18 April 2014, Friday
Today's Zaman

Top prosecutor under mounting criticism for anti-scarf remarks

23 October 2010, Saturday /TODAY’S ZAMAN
Reactions against anti-headscarf remarks made by Supreme Court of Appeals Chief Prosecutor Abdurrahman Yalçınkaya are unlikely to cease any time soon, with jurists harshly criticizing the top prosecutor for attempting to issue a “memorandum” against Parliament and considering himself above the national will.

Jurists’ Association President Cahit Özkan said the top prosecutor had carried to the judiciary the military “tradition” of issuing memorandums against the government and political parties. Turkey has witnessed several attempts by the military to intimidate politicians through memorandums. Most recently, a former chief of General Staff released an e-memorandum that influenced the presidential election process in 2007.

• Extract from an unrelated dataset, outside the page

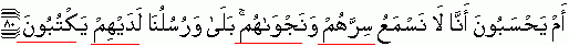 "Or do they think/presume that We do not hear their secrets and their private/secret counsels/talks? Indeed We do; and Our messengers are by them taking and recording their utterances". {Refer 43:80}

On Wednesday Yalçınkaya issued a statement in which he argued that the free use of the headscarf at universities would damage secularism. He also implicitly threatened the ruling Justice and Development Party (AK Party) with a “closure case.” The chief prosecutor’s statement came as representatives from the AK Party paid a visit to main opposition Republican People’s Party (CHP) parliamentary office in an attempt to seek a compromise for the lifting of the headscarf ban at universities. The use of the headscarf was banned in universities after the 1997 post-modern coup d’état.

Chief Prosecutor Yalçınkaya implicitly threatened the ruling Justice and Development Party with a ‘closure case’ when he issued a statement in which he argued that the free use of the headscarf at universities would damage secularism. The use of the headscarf was banned in universities after the 1997 post-modern coup d’état

“Yalçınkaya has carried the military tradition of issuing memorandums, which we believed had ended by democratization efforts, to the judiciary,” Özkan noted, and added that Yalçınkaya’s statement can by no means be accepted. “The chief prosecutor entered the scope of authority of Parliament and ignored the legitimacy of Parliament,” he added.

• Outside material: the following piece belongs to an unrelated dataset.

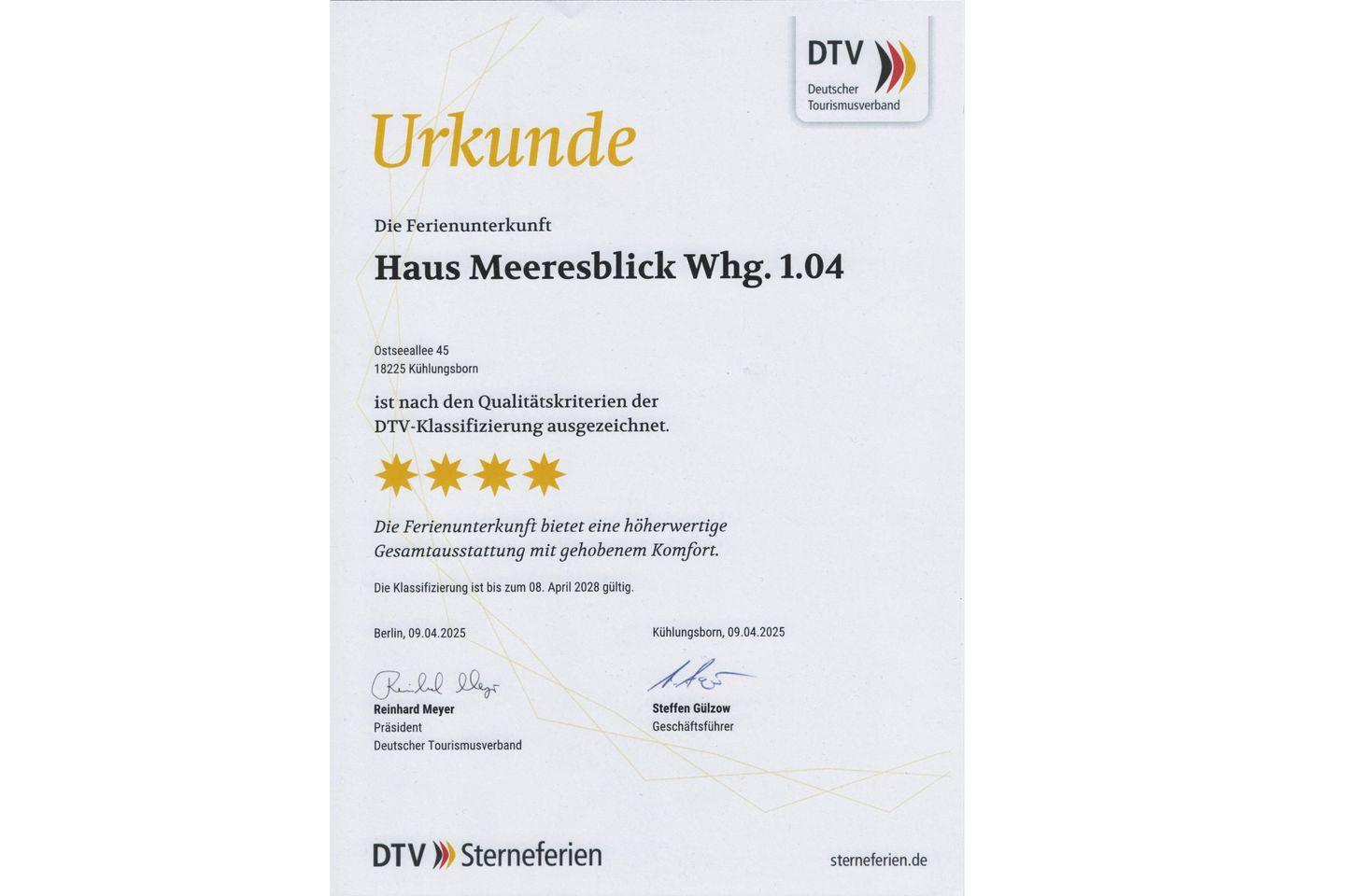 **** Bewertung vom Deutschen Tourismusverband!

Özkan also called on Yalçınkaya to withdraw his statement and apologize to the nation for his scandalous remarks.

In the statement the top prosecutor argued that the free use of the headscarf at universities would damage secularism. He also said the Supreme Court of Appeals Chief Prosecutor’s Office is entitled to investigate whether the actions of political parties are in violation of the independence of the state, sovereignty of the nation, democratic and secular republican principles, human rights and the principle of equality.

Mustafa Kamalak, a professor of constitutional law, argued that Yalçınkaya “abused his power” with the notorious statement and thus, should be tried at the Supreme State Council in accordance with Article 148 of the Constitution. “The article stipulates that the council try chief prosecutors for crimes in connection with abuse of power. The deputy chief prosecutor [of the Supreme Court of Appeals] may file a case against Yalçınkaya. Or the chief prosecutor will be tried at the Supreme State Council if individuals file criminal complaints against him,” Kamalak noted.

Justice Platform President Adem Çevik said he had filed a criminal complaint against Yalçınkaya. In the complaint, Çevik argued that the chief prosecutor abused his power. “The chief prosecutor overstepped his authority by giving orders to the Higher Education Board [YÖK] and politicians. This is abuse of power. Therefore, the chief prosecutor should be tried at the Supreme State Council,” he said.

Ahmet Gündel, a former Supreme Court of Appeals prosecutor, accused Yalçınkaya of failing to keep pace with developments in the “new world.”

“He has difficulty in keeping up with the new era. He cannot ‘read’ well the democratization efforts in Turkey,” he noted, and strongly criticized the headscarf ban, saying: “The problem has remained in place for many years. They send the sons of covered mothers to clashes with terrorists [in the military.] Brothers of covered girls are killed in the clashes. But they do not allow those girls to enter universities. They bring up a generation in which individuals consider themselves to be ‘second class citizens.’ Bear in mind that those girls are also our daughters and citizens,” Gündel added.